**EXERCISE:** Leaving out all pictures, transcribe the lines below exactly, from the first through the line containing "Travel through the".

(Stored items)
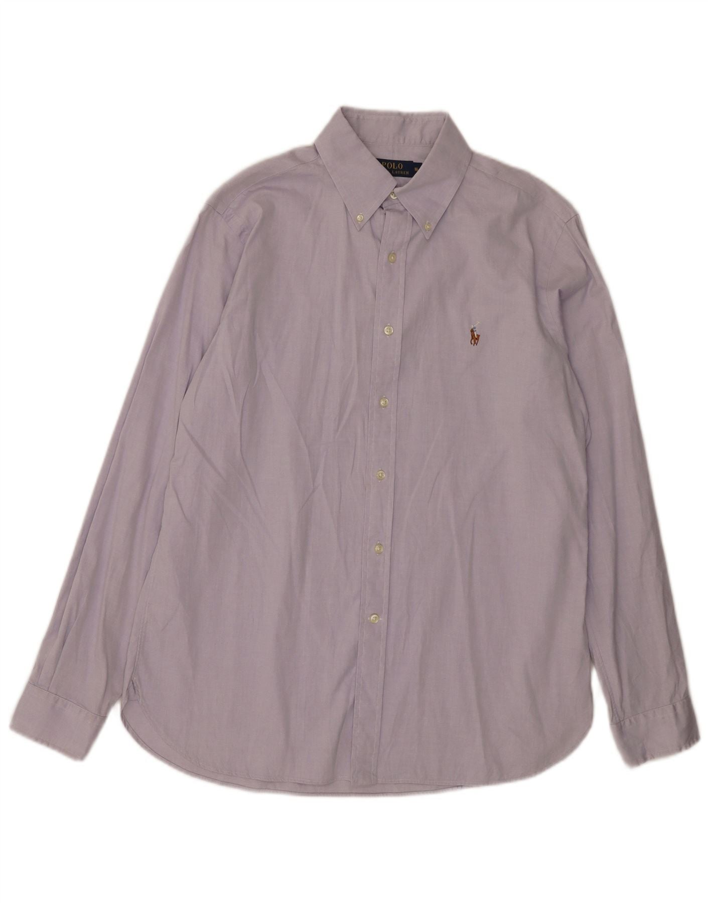 - AI Description: This Polo Ralph Lauren mens shirt is crafted from 100 percent woven cotton in a soft lilac hue. It features a classic collared neckline and a full button-up front. Long sleeves with buttoned cuffs complete the traditional silhouette. The regular fit ensures comfortable wear. An embroidered logo adds a signature touch. This timeless piece offers versatile style.
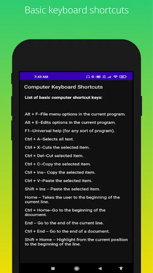 Using keyboard shortcuts can greatly increase your productivity, reduce repetitive strain, and help keep you focused. For example, to copy text, you can highlight text and press the Ctrl+C shortcut. The shortcut is faster than moving your hands from the keyboard, highlighting with the mouse, right-clicking, selecting copy, and returning to the keyboard.
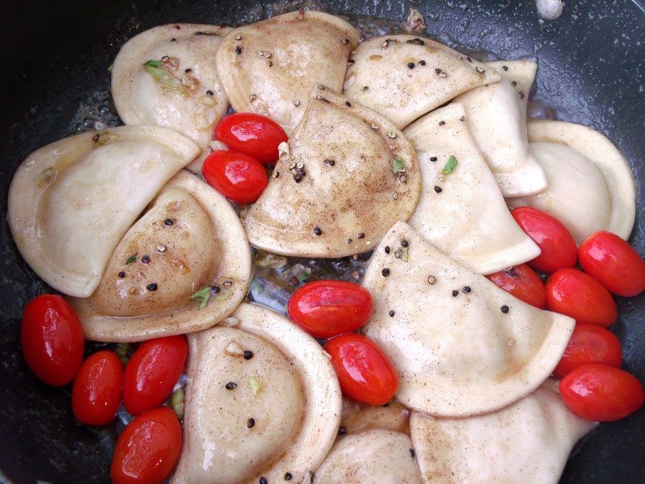 Potato And Onion Pierogi With Grape Tomatoes And Cracked Black Pepper In Beurre Noisette ← Previous Next → add 1 doz pierogies (depending on size) and fresh-cracked black pepper
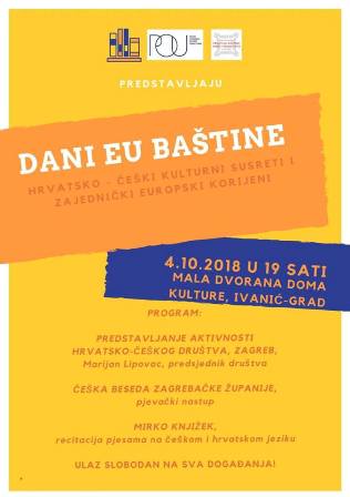 Hrvatsko-češko društvo sudjelovalo je 4. listopada 2018. na manifestaciji Hrvatsko-češki kulturni susreti i zajednički europski korijeni održanoj u Ivanić-Gradu na završetku programa obilježavanja Dana europske baštine koji je organizirala udruga Prijatelji baštine u suradnji s Pučkim otvorenim učilištem Ivanić-Grad. Cilj programa bio je predstaviti bogatu baštinu naroda i kulturnih raznolikosti europskoga kontinenta, uz potrebu njene zaštite i očuvanja.
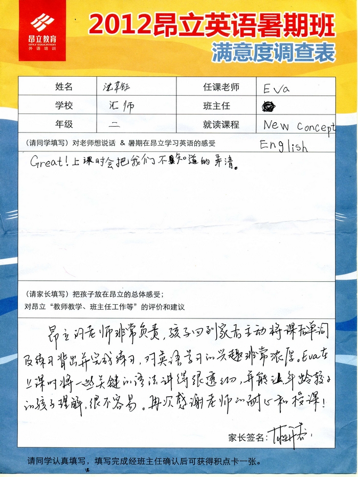 | 2012昂立英语暑假班满意度反馈表-沈芊钰 | |||
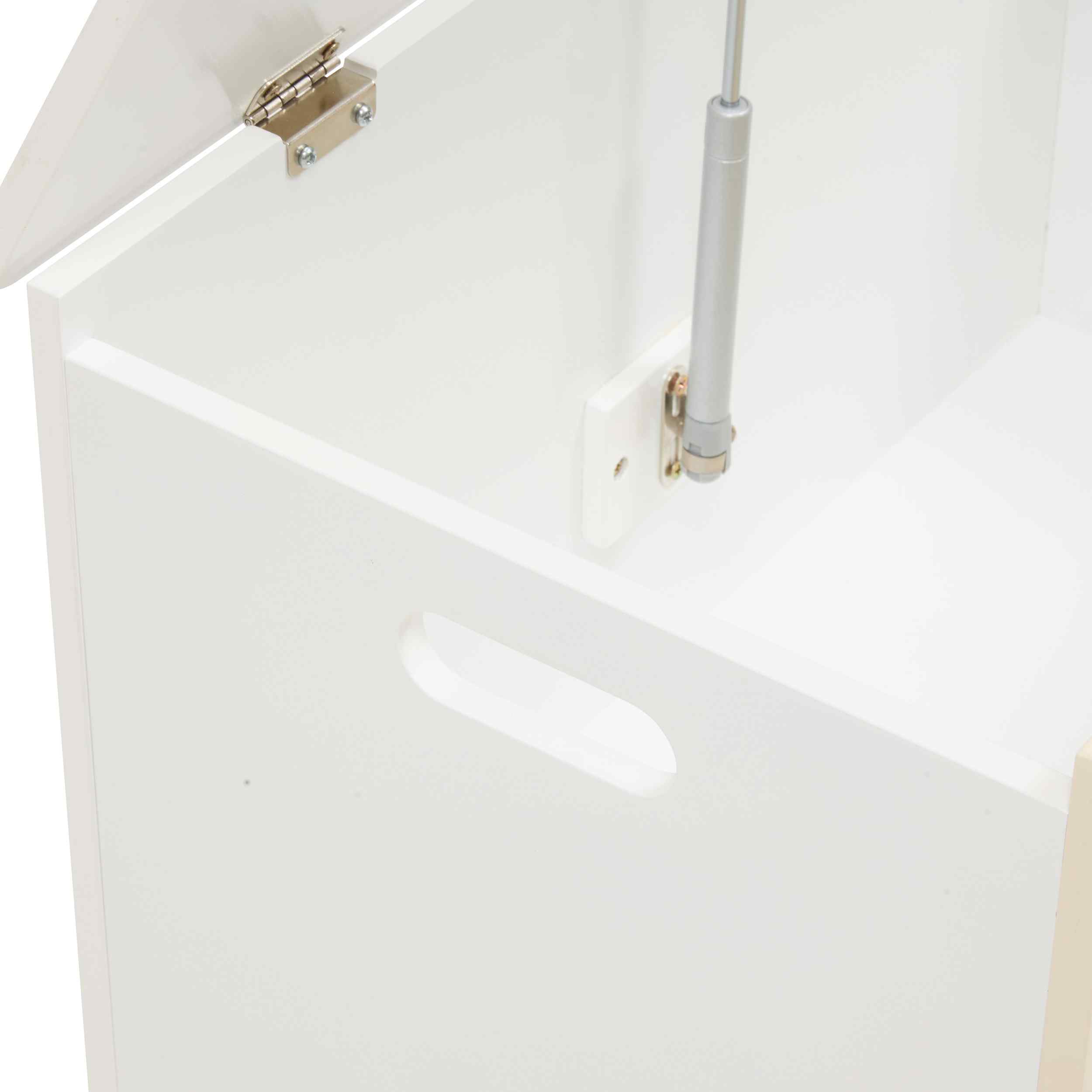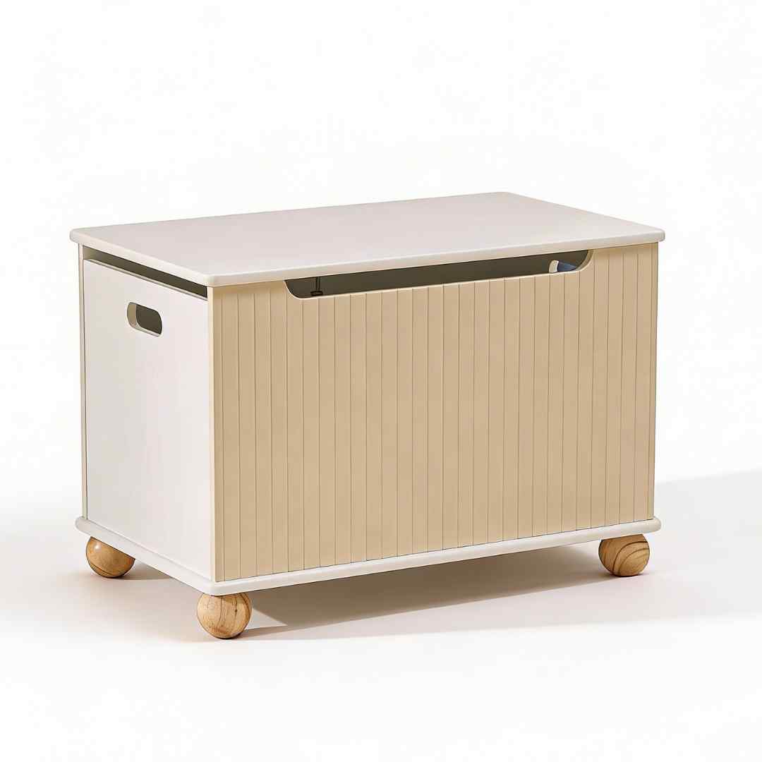 Su tapa sólida y plana no solo ofrece un amplio espacio de almacenaje para juguetes, libros, peluches o mantas, sino que también puede servir como superficie auxiliar para apoyar objetos decorativos.
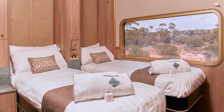 Travel through the Land Down Under in unmatched elegance in The Ghan's Platinum cabins. Each is set up lounge-style by day, featuring banquet seating, ottomans and a movable table, and with either a double bed or two twins at night. Marvel at the changing route from windows on both sides of the cabin and enjoy attentive, personalised service. Complete with a full-sized en-suite bathroom, top-tier toiletries and complimentary nightcaps each evening, each detail is better than the last.
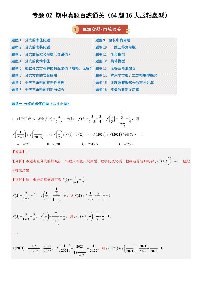 【八上冀教数学】期中真题百练通关64题16大压轴题型(期中专项训练)(解析版)八年级数学上学期新教材冀教版
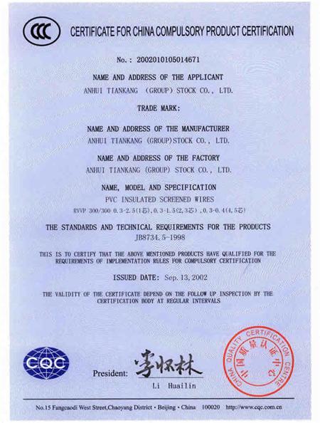 聚氯乙烯絕緣屏蔽電線被中國(guó)質(zhì)量認(rèn)證中心評(píng)為中國(guó)國(guó)家強(qiáng)制生產(chǎn)產(chǎn)品認(rèn)證證書英文版
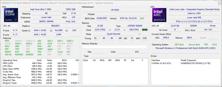 性能 - 配备 32GB 内存的 Lunar Lake 处理器
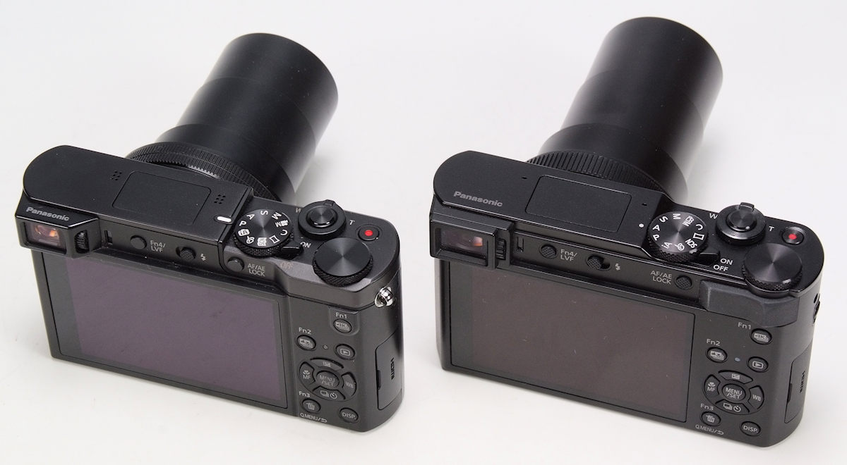 Längeres Zoom und besserer Sucher sind die wichtigsten Verbesserungen der TZ202 (rechts). Was kaum auffällt, in der Praxis aber vorteilhaft ist, ist die Gummi-Daumenauflage der TZ202 auf ihrer Rückseite
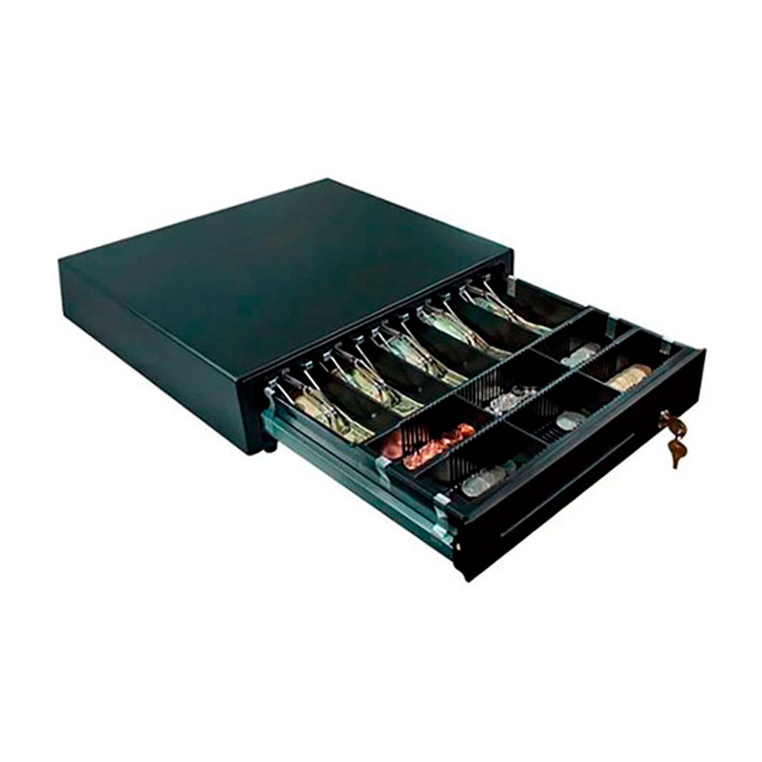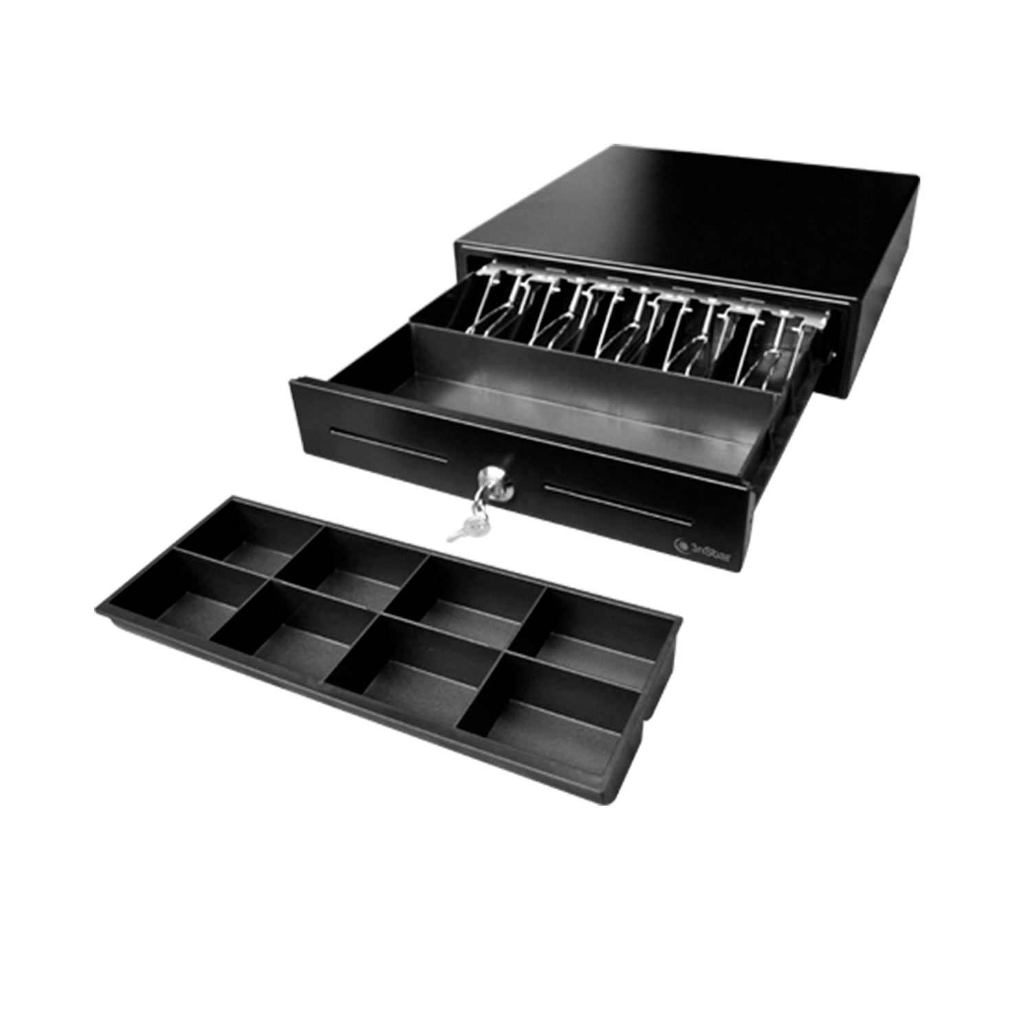 La gaveta CD350 de 3nStar constituye una solución robusta y segura. La integración con impresoras de recibos es sumamente sencilla y el desempeño mecánico excelente. Gracias a la cubierta para la bandeja (opcional) la CD350 es ideal para cualquier negocio en la que la seguridad del dinero en efectivo sea un elemento vital.
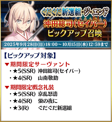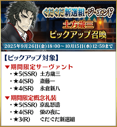 ◆「ぐだぐだ新選組・ジ・エンドピックアップ2召喚」期間◆
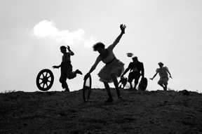 between speeding in cars, stillness and clambering around a huge scrap
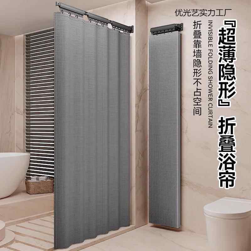 卫生间防防霉隐形高淋浴档水折叠帘洗澡家浴用优光折叠挂帘室免打

**RESULT FOR THIS EXERCISE:**
 - AI Description: This Polo Ralph Lauren mens shirt is crafted from 100 percent woven cotton in a soft lilac hue. It features a classic collared neckline and a full button-up front. Long sleeves with buttoned cuffs complete the traditional silhouette. The regular fit ensures comfortable wear. An embroidered logo adds a signature touch. This timeless piece offers versatile style.
 Using keyboard shortcuts can greatly increase your productivity, reduce repetitive strain, and help keep you focused. For example, to copy text, you can highlight text and press the Ctrl+C shortcut. The shortcut is faster than moving your hands from the keyboard, highlighting with the mouse, right-clicking, selecting copy, and returning to the keyboard.
 Potato And Onion Pierogi With Grape Tomatoes And Cracked Black Pepper In Beurre Noisette ← Previous Next → add 1 doz pierogies (depending on size) and fresh-cracked black pepper
 Hrvatsko-češko društvo sudjelovalo je 4. listopada 2018. na manifestaciji Hrvatsko-češki kulturni susreti i zajednički europski korijeni održanoj u Ivanić-Gradu na završetku programa obilježavanja Dana europske baštine koji je organizirala udruga Prijatelji baštine u suradnji s Pučkim otvorenim učilištem Ivanić-Grad. Cilj programa bio je predstaviti bogatu baštinu naroda i kulturnih raznolikosti europskoga kontinenta, uz potrebu njene zaštite i očuvanja.
 | 2012昂立英语暑假班满意度反馈表-沈芊钰 | |||
 Su tapa sólida y plana no solo ofrece un amplio espacio de almacenaje para juguetes, libros, peluches o mantas, sino que también puede servir como superficie auxiliar para apoyar objetos decorativos.
 Travel through the Land Down Under in unmatched elegance in The Ghan's Platinum cabins. Each is set up lounge-style by day, featuring banquet seating, ottomans and a movable table, and with either a double bed or two twins at night. Marvel at the changing route from windows on both sides of the cabin and enjoy attentive, personalised service. Complete with a full-sized en-suite bathroom, top-tier toiletries and complimentary nightcaps each evening, each detail is better than the last.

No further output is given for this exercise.